Su único amigo Juan, era hijo del farmacéutico de la aldea, un hombre viudo y dado a la bebida, que montado en su vieja bicicleta casi todos los días se acercaba a la casona en donde vivía Manuela. Corre Manuela, era el grito preferido del chico mientras pedaleaba por el camino de tierra. Y aunque Manuela intentaba seguirle, él siempre llegaba antes al bosque que rodeaba la casona del indiano. Luego, entre bromas y risas, descansaban tumbados debajo de una de las palmeras que su bisabuela trajo de las Indias. Con gran pesar de su madre, aquellos juegos hacían que Manuela siempre anduviera las rodillas llenas de golpes y arañazos. Las de él no. Las de él, que tanto admiraba la niña, eran redondas, siempre sanas y jugosas como la fruta.
Tras años de risas y carreras, y algunos castos besos en el palmeral, él se fue a la universidad. Iba a ser farmacéutico, como su padre. Manuela quiso acompañarlo. En cuanto lo expuso, su madre, jugueteando con uno de sus rizos, dijo que ella no necesitaba estudiar. Era débil para hacer algo tan profundo, añadió su padre. Nosotros te dejaremos lo suficiente para que vivas tú, tus hijos y tus nietos, expusieron casi al unísono. Y aunque nunca entendió que fuera una niña débil, consintió.
Aquella misma tarde le explicó ella no iría a la universidad. Decían que era débil y que esto no le permitía realizar estudios tan duros. Era cierto, dijo comprensivo Juan acariciándole una mejilla. Parecía una muñequita de porcelana, continuó secándole las lágrimas que, sin que pudiera evitarlo, le bajaban por las mejillas silenciosas como ríos sin piedras.
—No te preocupes, voy a volver todas las vacaciones y en cuando termine, enseguida nos casaremos —le susurraba acariciándole la nuca mientras la besaba—. Después nos iremos a vivir a la ciudad, lejos de esta aldea. Y tú me ayudarás a llevar la farmacia.

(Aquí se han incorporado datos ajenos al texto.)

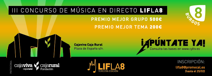 La televisión local La 8 Burgos junto con Cajaviva Caja Rural organizan la tercera edición del concurso de música joven de Burgos “LIVE ICE Festival”. El objetivo no es otro que prestar apoyo y facilitar la promoción de los grupos musicales de Burgos.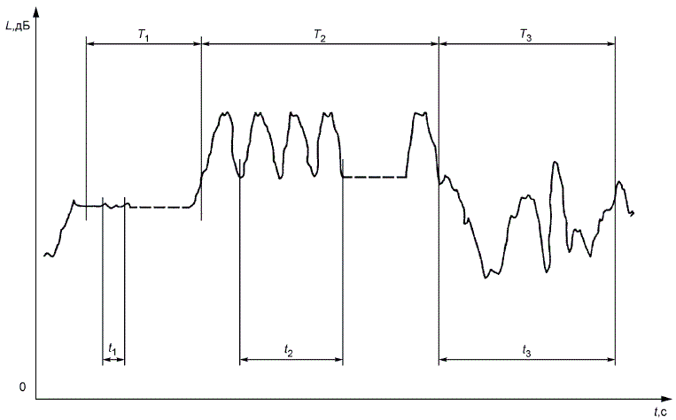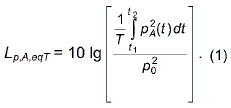 3.1 эквивалентный уровень звука 1) (А-weighted equivalent continuous sound pressure level) : Выраженные в децибелах, дБ 2), десять десятичных логарифмов отношения усредненного на заданном временном интервале Т (с началом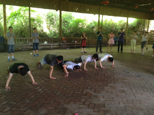 來(lái)到美麗的山莊,大家先在拓展老師的帶領(lǐng)下,來(lái)到了荔枝園中的一片空地上,大家圍成一圈,做起了歡快的小游戲,這些小游戲充分地體現(xiàn)了團(tuán)隊(duì)間的相互幫助、相互合作的精神。當(dāng)然,游戲中的失敗者還是有些小小的懲罰。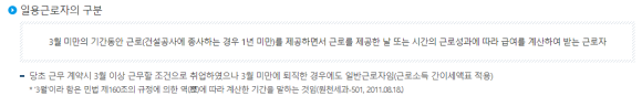 - 일용근로자 = 3개월 미만의 기간동안 근로를 제공하면서 제공한 일수 또는 시간의 성과에 따라 급여를 받는 근로자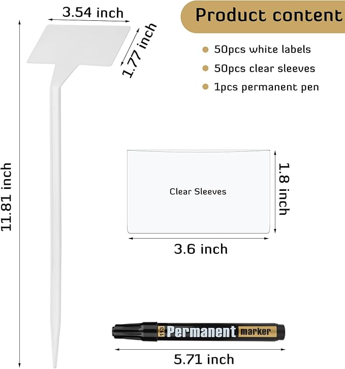 • GREAT VALUE PACK: Include 50pcs plant labels, 50pcs Plastic sleeves bonus a marking pen for you, which could help you mark sorts of plants, seeds,or vegetables with the garden markers.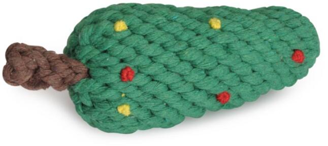 Pamut, fonott, karácsonyfa alakú köteles karácsonyi fogtisztító játék.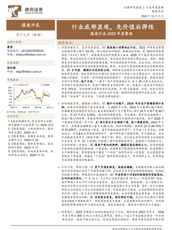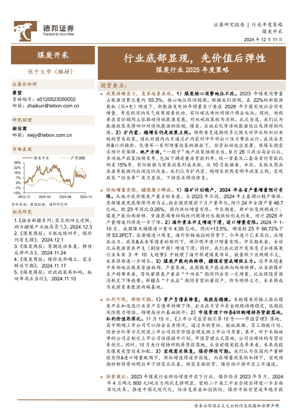 【德邦证券】【20241211】煤炭行业2025年度策略:行业底部显现,先价值后弹性-37页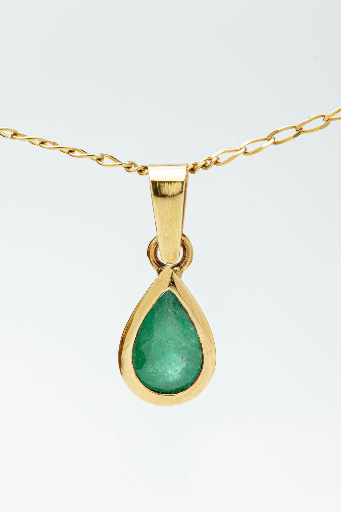 DIJE ORO 18K ESMERALDA LAGRIMA EN BISEL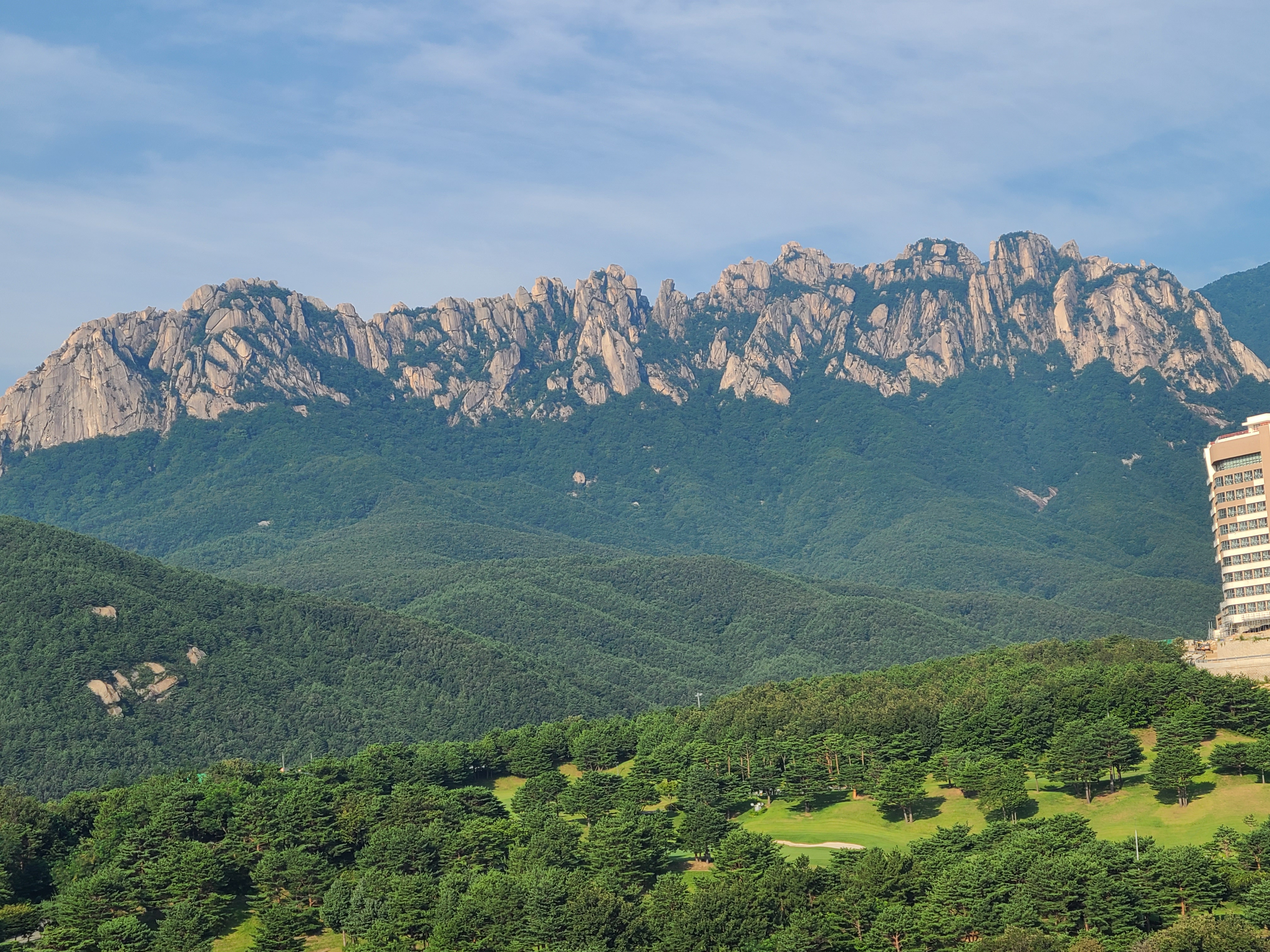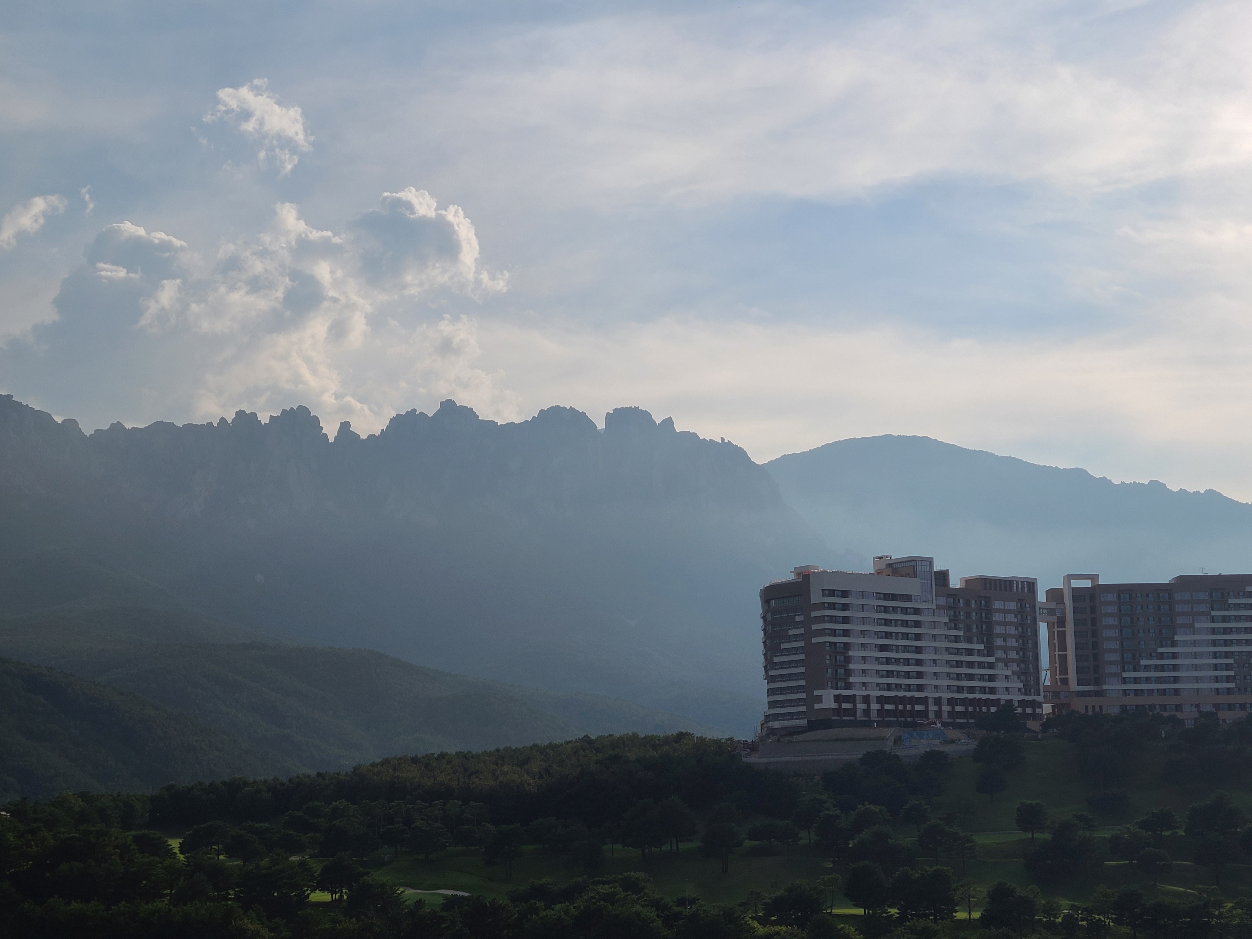콘도에서 바라보는 설악산과 울산바위가 웅장하게 시선을 압도한다.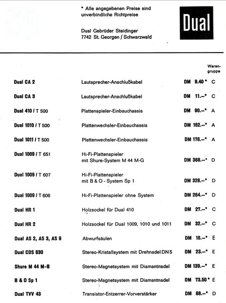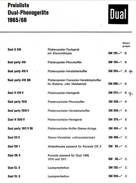 Wenn man bedenkt was heute klanglich möglich ist, war diese Aussage 1965 schon mutig. Phonokoffer waren der Hauptbestandteil des Portfolios. Die Single hatte seinerzeit ihren Höhenflug. Dual bot nur einen Verstärker und einen Hifi-Plattenspieler an. Der 1009 mit seinem Tonarm war damals High-End. Der Verstärker bot eine Leistung von 2*10 Watt udn die Lausprecher CL 2 und CL 3 waren für Leistungen von 10 bzw. 15 Watt ausgelegt. Für die Plattensspieler gabe es Systeme von Dual, Shure und B&O. Sicherlich interessant ist die beigefügte Preisliste.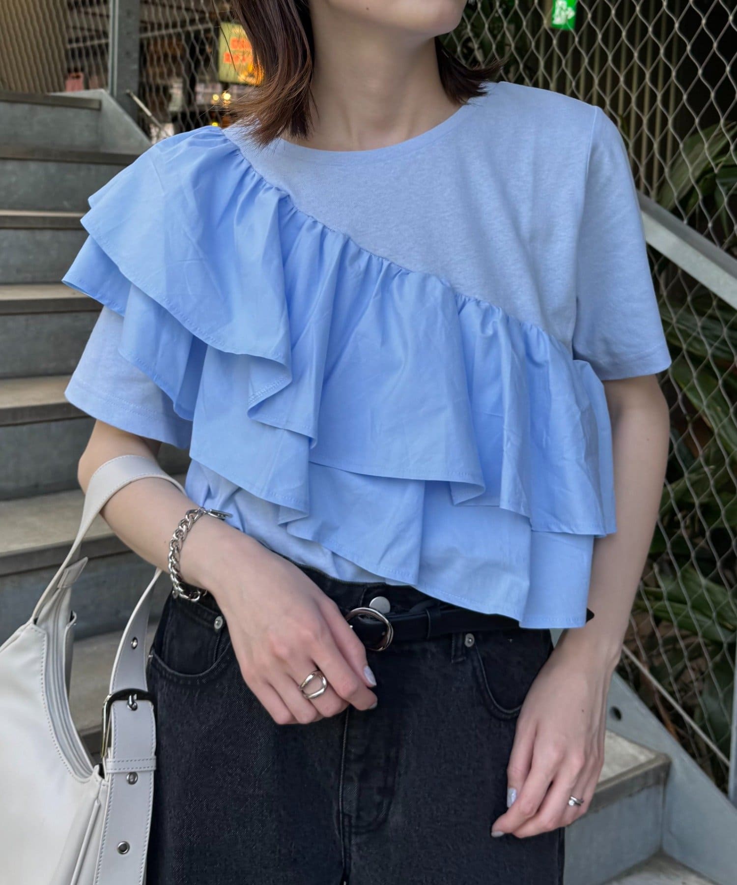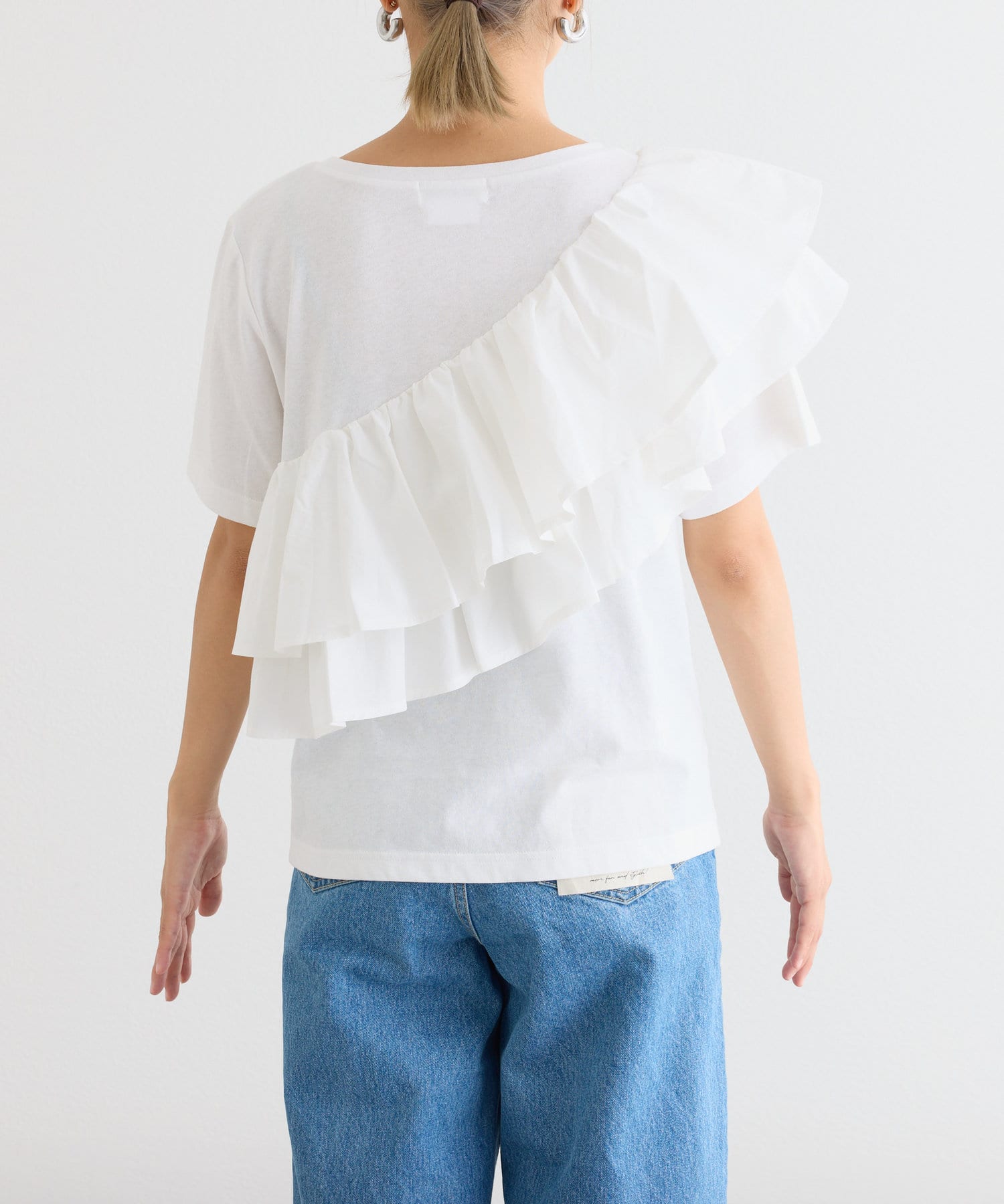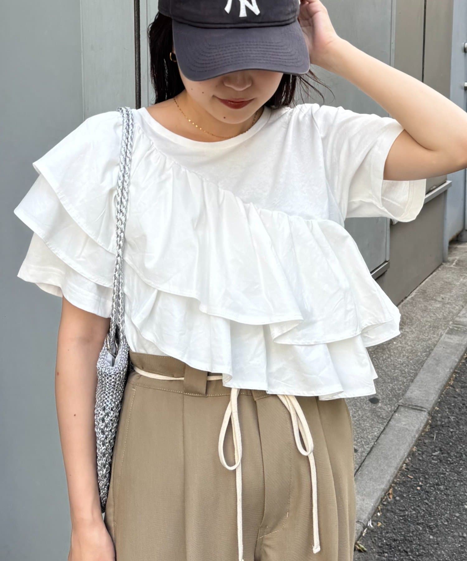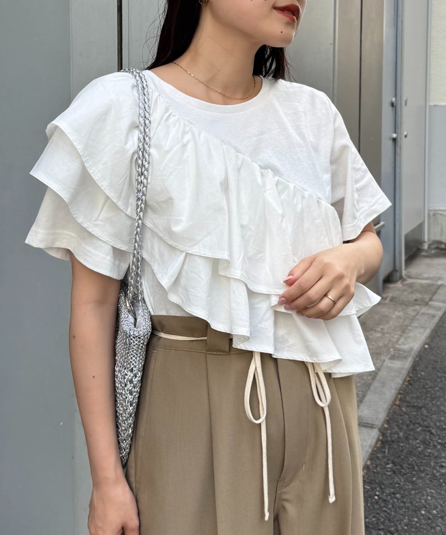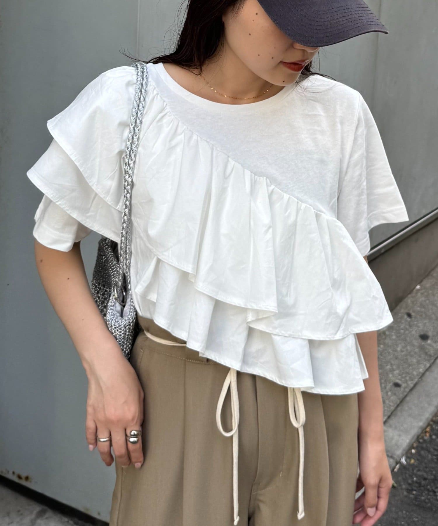 前後にあしらわれたアシンメトリーなフリルで華やかさをプラスしてくれます。

Levantando la cabeza, Manuela, tímida, preguntó si no pensaba volver a la aldea cuando se hubieran casado terminado. A él se le agrió la mirada. Quizá lo hicieran en el verano, rumio.
El primer año el muchacho volvió en Navidad, en Semana Santa y en el mes de julio. A partir del segundo curso ya solo lo hizo por Navidad. Según le relató en una triste carta, su padre no podía pagarle la carrera y si deseaba seguir estudiando no lo quedaba más remedio que trabajar. Ella lo comprendió. Y, animosa, continuó escribiéndole un día tras otro.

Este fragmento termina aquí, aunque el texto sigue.